[AVAILABLE DATA]:
Start of Block
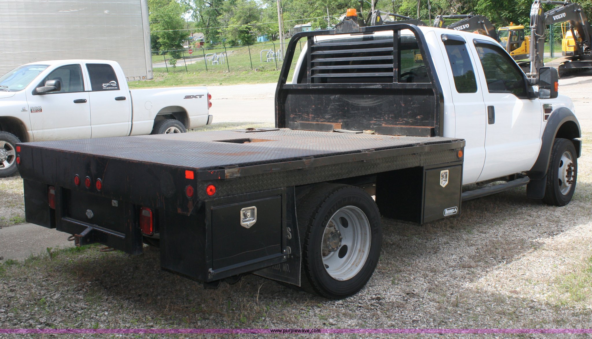 Purple Wave is selling a used Flat Bed Truck in Kansas. This item is a 2008 Ford F450 XLT flatbed pickup truck with the following: 253,016 miles on odometer, 6.4L diesel engine, Automatic transmission, AC and heat, Tilt, Cruise, AM/FM/CD, Power windows, locks, and mirrors, Cloth interior, 9'L x 99 1/2"W flatbed, Receiver hitch, Gooseneck ball, (4) under bed tool boxes, Brake controller, (4) auxiliary switches, Strobe light, 255/70R19.5
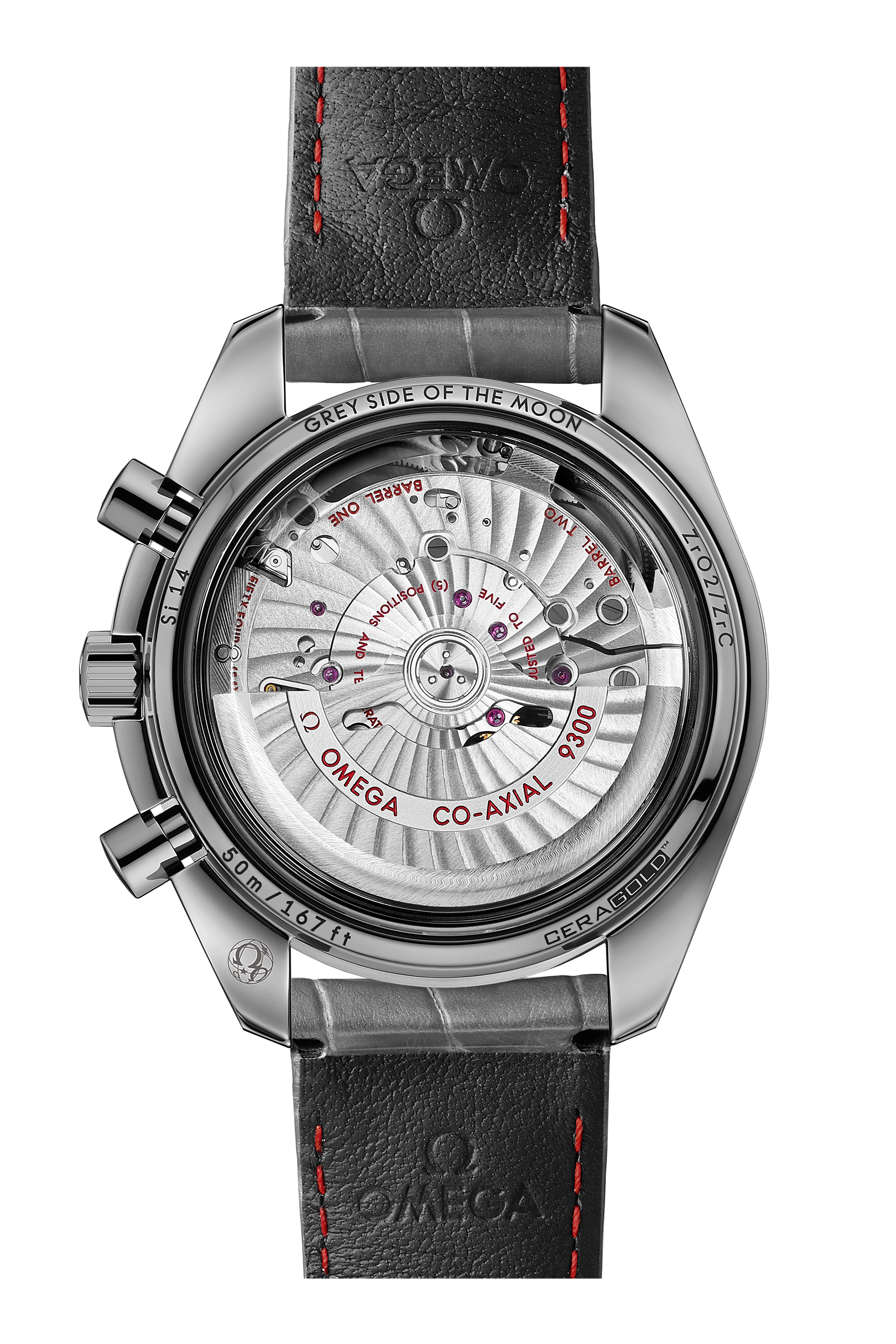 Nulle crainte à avoir pour les amateurs de la première Speedmaster Grey Side of the Moon : l’apparence du modèle originel a été respectée. Le même procédé révolutionnaire a été utilisé pour fabriquer le boîtier en céramique grise. On retrouve également le bracelet en cuir gris avec sa boucle déployante, et le fameux calibre OMEGA Co-Axial 9300.
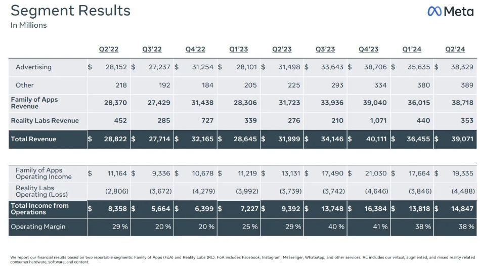7月31日周三美股盤(pán)后,“元宇宙平臺”、大舉押注AI的社交媒體與數字廣告巨頭Meta公布了2024財年第二季度財報。
End of Block
[TASK DETAILS]: Each line above is to be duplicated exactly, and the pictures are to be omitted.

[EXERCISE OUTPUT]:
 Purple Wave is selling a used Flat Bed Truck in Kansas. This item is a 2008 Ford F450 XLT flatbed pickup truck with the following: 253,016 miles on odometer, 6.4L diesel engine, Automatic transmission, AC and heat, Tilt, Cruise, AM/FM/CD, Power windows, locks, and mirrors, Cloth interior, 9'L x 99 1/2"W flatbed, Receiver hitch, Gooseneck ball, (4) under bed tool boxes, Brake controller, (4) auxiliary switches, Strobe light, 255/70R19.5
 Nulle crainte à avoir pour les amateurs de la première Speedmaster Grey Side of the Moon : l’apparence du modèle originel a été respectée. Le même procédé révolutionnaire a été utilisé pour fabriquer le boîtier en céramique grise. On retrouve également le bracelet en cuir gris avec sa boucle déployante, et le fameux calibre OMEGA Co-Axial 9300.
7月31日周三美股盤(pán)后,“元宇宙平臺”、大舉押注AI的社交媒體與數字廣告巨頭Meta公布了2024財年第二季度財報。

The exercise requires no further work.